Earl of Shelburne is a title that has been created twice while the title of Baron Shelburne has been created three times. The Shelburne title was created for the first time in the Peerage of Ireland in 1688 when Elizabeth, Lady Petty, was made Baroness Shelburne. She was the wife of the noted economist Sir William Petty. The title was for life only and became extinct on her death in circa 1708. It derives from Shelburne (Síol Bhroin), a region of County Wexford, Ireland. On the same day that Lady Shelburne was elevated to the peerage, her eldest son by Sir William Petty, Charles Petty, was also raised to the Peerage of Ireland as Baron Shelburne. He died young in 1696, when the title became extinct. The barony was created for a third time in the Peerage of Ireland in 1699 in favour of the Hon. Henry Petty, younger son of Sir William Petty and Lady Shelburne. In 1719 he was further honoured when he was made Viscount Dunkerron and Earl of Shelburne, also in the Peerage of Ireland. On his death in 1751 these titles also became extinct.

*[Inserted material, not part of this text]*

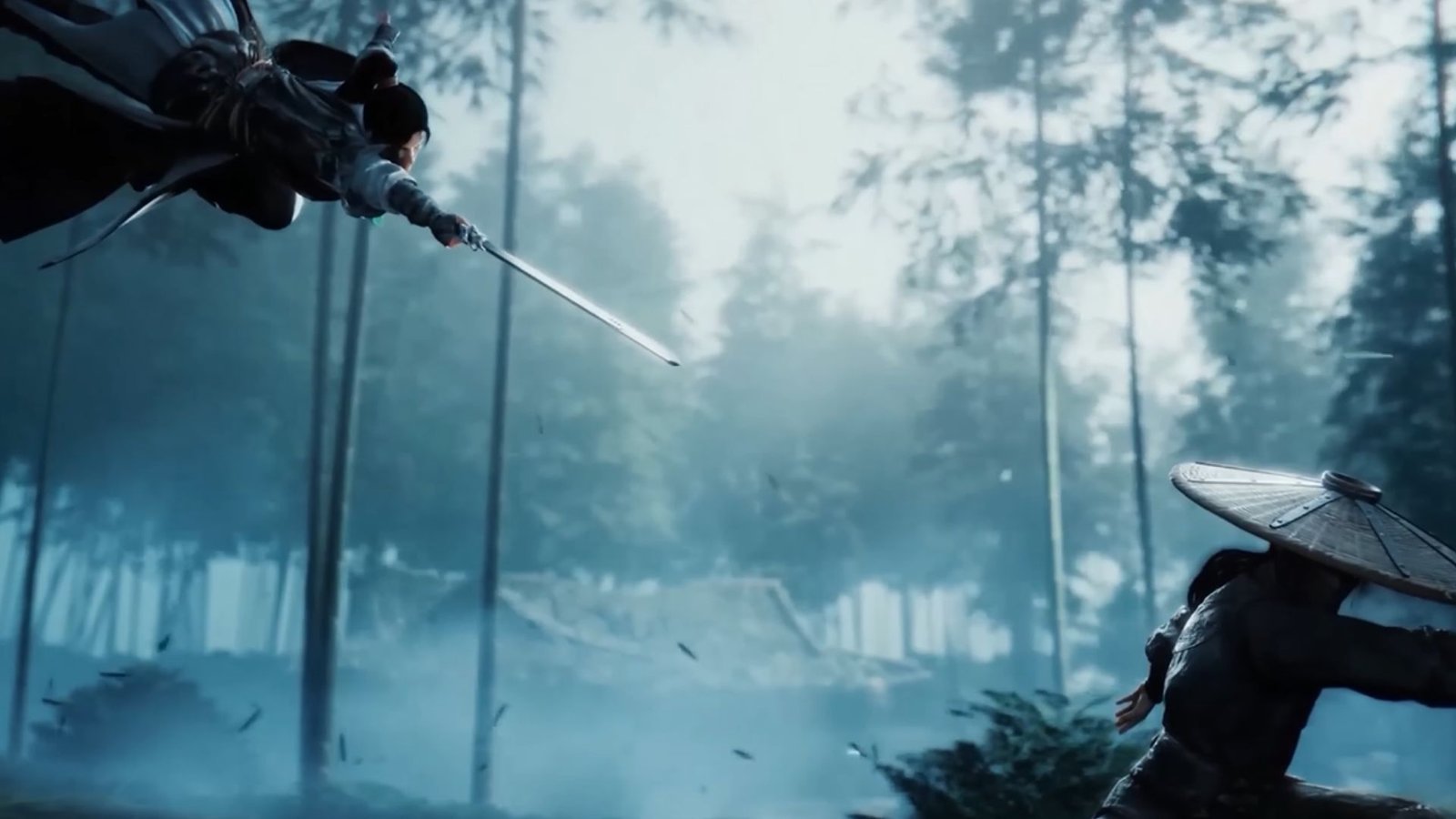 Inside the hut near the top of the stairs, eavesdrop on the Commoner’s conversation first, then move further west and up the platforms to find two Nine Mortal Ways disciples.

The Petty estates were inherited by the late Earl's nephew, the Hon. John Fitzmaurice. He was the second son of the Hon. Anne Petty, daughter of Sir William Petty and Lady Shelburne and sister of the Earl of Shelburne, and her husband Thomas Fitzmaurice, 1st Earl of Kerry. By a private act of Parliament, FitzMaurice's Name Act 1750 (24 Geo. 2. c. 43 Pr.), he assumed the surname of Petty on succeeding to his maternal uncle's estates in 1751 and the same year he was raised to the Peerage of Ireland as Baron Dunkeron and Viscount FitzMaurice. In 1753 the earldom was also revived when he was made Earl of Shelburne in the Peerage of Ireland. For further history of these titles, see the Marquess of Lansdowne.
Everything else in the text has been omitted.